Location
- 4290 Tabernacle Road Lancaster, South Carolina 29720 United States 34°45′30″N 80°37′26″W﻿ / ﻿34.7583440°N 80.6238842°W

Information
- Type: Public high school
- Motto: Go Jackets!
- Established: September 7, 1925; 100 years ago
- School district: Lancaster County School District
- NCES District ID: 450258001261
- Principal: Michael Belk
- Grades: 9-12
- Enrollment: 554 (2023-2024)
- Student to teacher ratio: 12.65
- Campus type: Rural
- Colors: Maroon and Old Gold
- Nickname: Yellow Jackets
- Website: bhs.lancastercsd.com/o/bhs

= Buford High School (South Carolina) =

Buford High School is a four-year comprehensive public high school in Lancaster, South Carolina. It is one of four high schools in the Lancaster County School District.

==History==
Buford High School opened on September 7, 1925. The school is named after Colonel Abraham Buford of the Continental Army, and is currently located approximately one mile north of Buford's Massacre Site, where the Buford's Massacre took place in 1780 during the American Revolutionary War.

The high school was moved to a newly built facility in 1993 as part of a $30 million district-wide renovation program.

The school was one of fifteen high schools chosen nationally to take part in a nationwide study in 1952 by the USDA on the nutritional needs of students in response to changes to the Recommended Dietary Allowances (RDA) by the USDA. Under the National School Lunch Act of 1946 all students were given identical food portions regardless of factors such as age or gender, while this study was conducted to see if different portion sizes were necessary for different groups of students.

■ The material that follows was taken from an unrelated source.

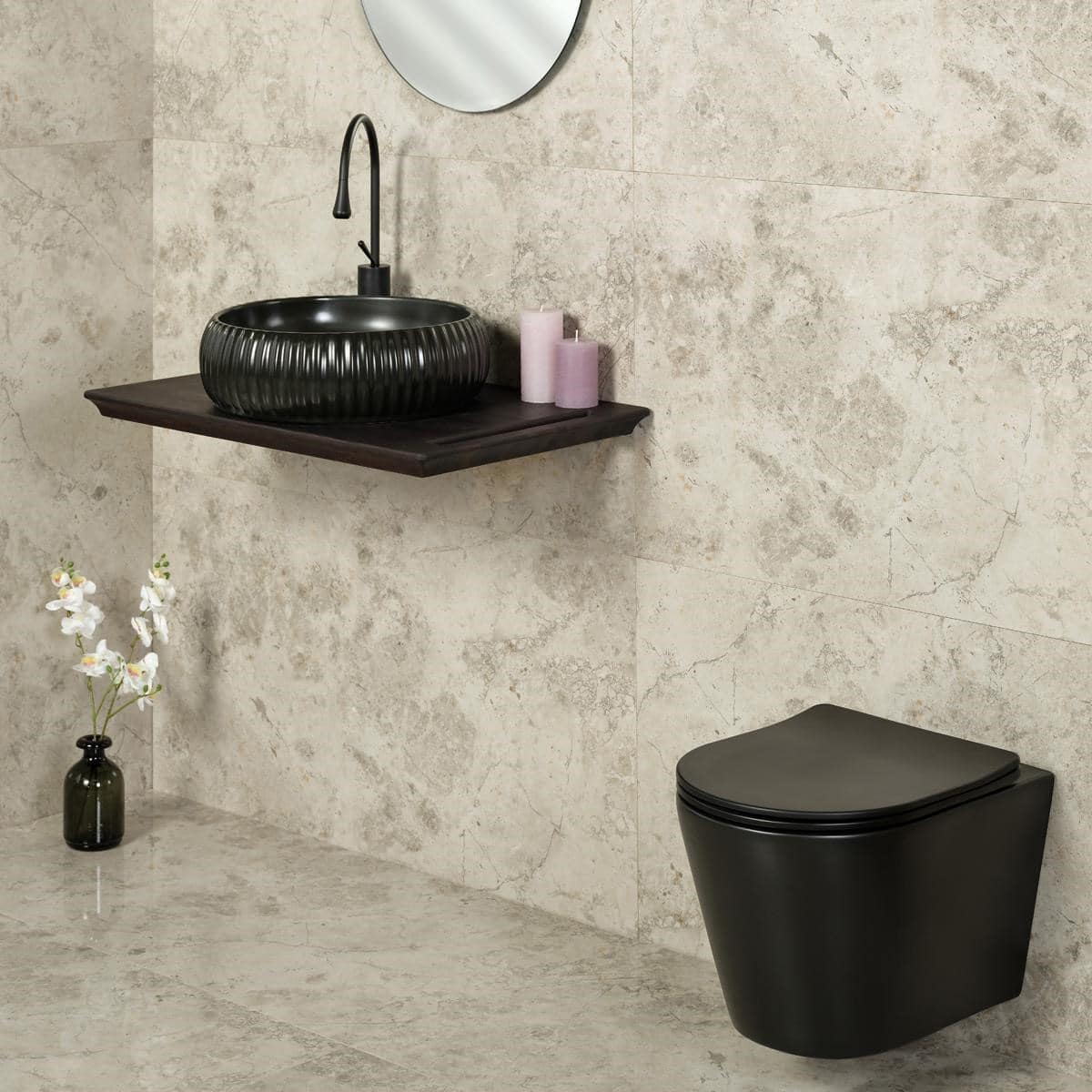 Bocchi V-Tondo Rimless Gizli Taharet Girişli Asma Klozet Mat Siyah

The South Carolina Department of Health and Environmental Control conducted a training scenario at Buford High School in 2004 to test the county's ability to respond to bioterrorism or pandemic threats by utilizing the Strategic National Stockpile (SNS).

==Enrollment==
As of the 2020–21 school year, the school had an enrollment of 546 students and 38 classroom teachers, for a student–teacher ratio of 13.45. 160 of the students were eligible for free school meals, while 19 were eligible for reduced-price meals. The graduation rate for the 2020–21 school year was 87.6%, with 33.9% of students enrolled in dual enrollment courses.

==Extracurricular activities==
The school has several clubs and organizations including JROTC and the National Honor Society.